A renda fixa que varia

Com Tesouro Selic negativo, é o caso de rever a sua reserva de emergência?

Título público mais conservador tem apresentado retorno negativo desde meados de setembro; será que vale a pena migrar a reserva de emergência para outro investimento, ou pelo menos diversificá-la?

Julia Wiltgen
Julia Wiltgen
5 de outubro de 2020
5:30 - atualizado às 18:11
Bote com sacos de dinheiro representa reserva de emergência
Imagem: Montagem Andrei Morais / Shutterstock

Se você deixa os recursos da sua reserva de emergência aplicados em Tesouro Selic (LFT) ou fundos que invistam nesse tipo de papel, deve ter reparado que, em setembro, esses investimentos começaram a ter um comportamento atípico, apresentando retorno negativo.

Mas como pode? Tesouro Selic não é o investimento de menor risco do mercado brasileiro? Bem, do ponto de vista do risco de crédito, sim. A garantia do governo de fato é a melhor que pode haver no Brasil.

Do ponto de vista do risco de mercado, também. Eventos como a desvalorização atual são bastante raros, e a volatilidade desses papéis costuma ser bem baixa. Risco de liquidez, idem. Você resgata esses investimentos a qualquer momento, com facilidade.

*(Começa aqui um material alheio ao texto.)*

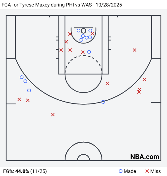 The Sixers defeated the Wizards in overtime on Tuesday night to improve to 4-0 on the season. They had to dig deep for this one after deciding that defense was optional on the second night of a home/road back-to-back, but they got the job done with 39 points and 10 assists from Tyrese Maxey and an efficient 25/7/5 in 23 Joel Embiid minutes. Quentin Grimes pitched in 23 off the bench as the Sixers once again shot better than 40% from three.

Só que não existe investimento totalmente sem risco. Aliás, nem deixar o dinheiro debaixo do colchão é livre de risco. E o que está ocorrendo no mercado de LFT, embora difícil, não é impossível. Nem é a primeira vez que esses títulos dão retorno negativo. Tal fenômeno ocorreu pela última vez em 2002, na chamada “crise da marcação a mercado”.

A questão é que, além de ficar apreensivo, você pode também estar pê da vida de ter tirado a sua reserva de emergência da poupança ou de um CDB, porque pelo menos nessas aplicações ela rendia pouco, mas rendia alguma coisa. Pelo menos não estava perdendo dinheiro.

É possível que até esteja mentalmente xingando o seu assessor de investimentos, ou mesmo nós aqui no Seu Dinheiro, por termos defendido que a melhor aplicação para a reserva de emergência atualmente são os fundos Tesouro Selic de taxa zero.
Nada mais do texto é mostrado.